BEGIN INPUT RECORDS
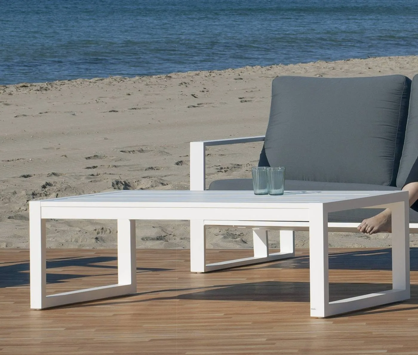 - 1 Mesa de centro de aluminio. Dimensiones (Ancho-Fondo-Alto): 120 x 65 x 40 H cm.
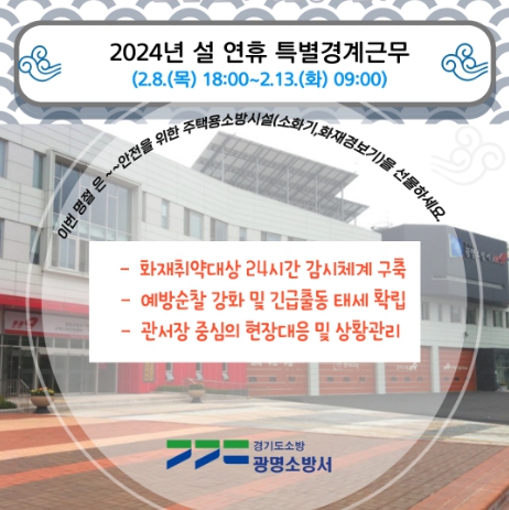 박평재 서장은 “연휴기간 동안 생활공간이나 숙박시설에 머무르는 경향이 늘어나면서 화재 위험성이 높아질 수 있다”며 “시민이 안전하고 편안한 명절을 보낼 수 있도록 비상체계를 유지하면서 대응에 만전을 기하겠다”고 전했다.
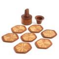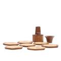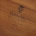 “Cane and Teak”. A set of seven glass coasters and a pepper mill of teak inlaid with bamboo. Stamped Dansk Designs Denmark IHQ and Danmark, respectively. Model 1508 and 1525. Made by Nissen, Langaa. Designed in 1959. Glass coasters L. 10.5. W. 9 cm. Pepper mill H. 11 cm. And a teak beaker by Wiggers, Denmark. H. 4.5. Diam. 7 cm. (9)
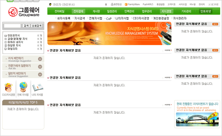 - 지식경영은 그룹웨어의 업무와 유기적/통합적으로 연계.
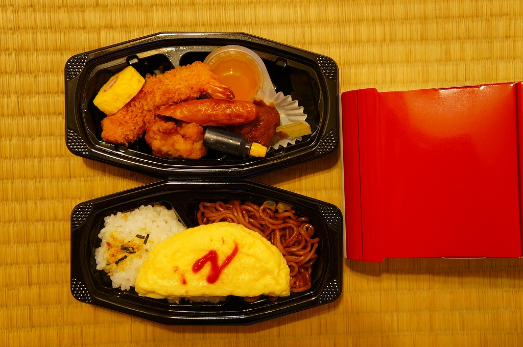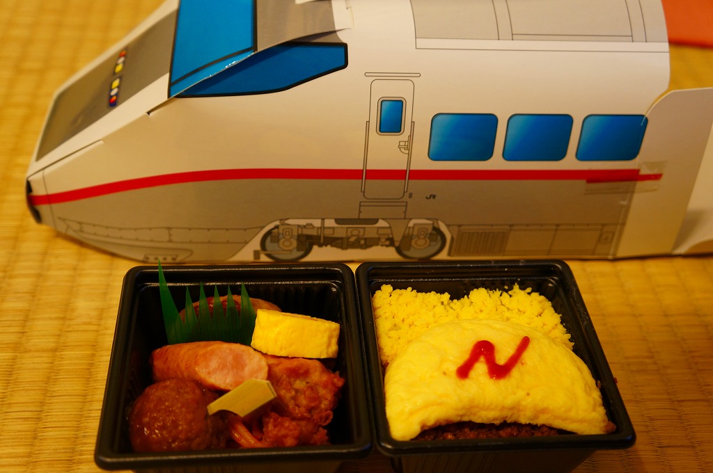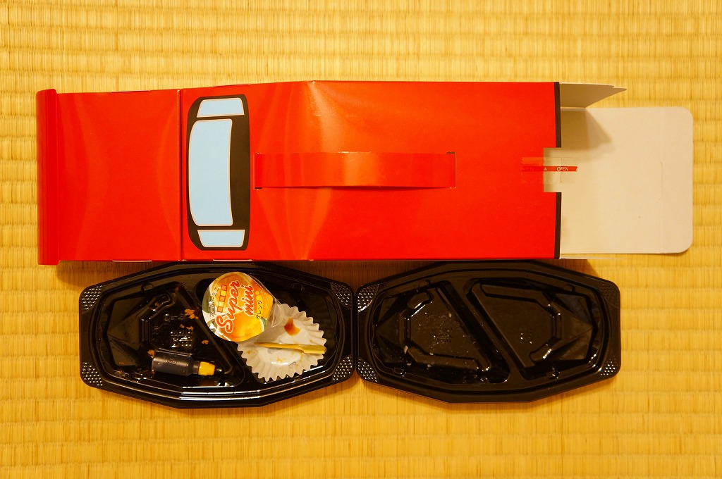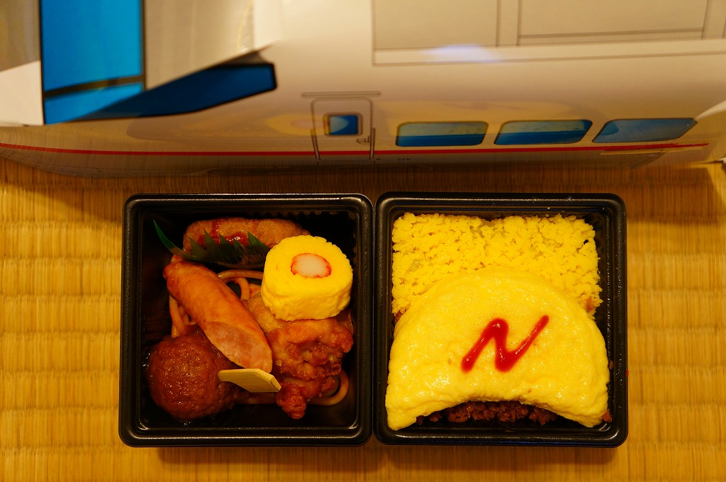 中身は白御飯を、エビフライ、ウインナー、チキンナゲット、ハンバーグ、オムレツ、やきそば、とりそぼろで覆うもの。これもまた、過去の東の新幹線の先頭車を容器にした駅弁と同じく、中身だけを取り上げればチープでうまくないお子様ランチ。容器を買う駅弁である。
END INPUT RECORDS
| WHAT IS NEEDED |
Every line above should be output exactly, except for the pictures.

| EXPECTED ANSWER |
 - 1 Mesa de centro de aluminio. Dimensiones (Ancho-Fondo-Alto): 120 x 65 x 40 H cm.
 박평재 서장은 “연휴기간 동안 생활공간이나 숙박시설에 머무르는 경향이 늘어나면서 화재 위험성이 높아질 수 있다”며 “시민이 안전하고 편안한 명절을 보낼 수 있도록 비상체계를 유지하면서 대응에 만전을 기하겠다”고 전했다.
 “Cane and Teak”. A set of seven glass coasters and a pepper mill of teak inlaid with bamboo. Stamped Dansk Designs Denmark IHQ and Danmark, respectively. Model 1508 and 1525. Made by Nissen, Langaa. Designed in 1959. Glass coasters L. 10.5. W. 9 cm. Pepper mill H. 11 cm. And a teak beaker by Wiggers, Denmark. H. 4.5. Diam. 7 cm. (9)
 - 지식경영은 그룹웨어의 업무와 유기적/통합적으로 연계.
 中身は白御飯を、エビフライ、ウインナー、チキンナゲット、ハンバーグ、オムレツ、やきそば、とりそぼろで覆うもの。これもまた、過去の東の新幹線の先頭車を容器にした駅弁と同じく、中身だけを取り上げればチープでうまくないお子様ランチ。容器を買う駅弁である。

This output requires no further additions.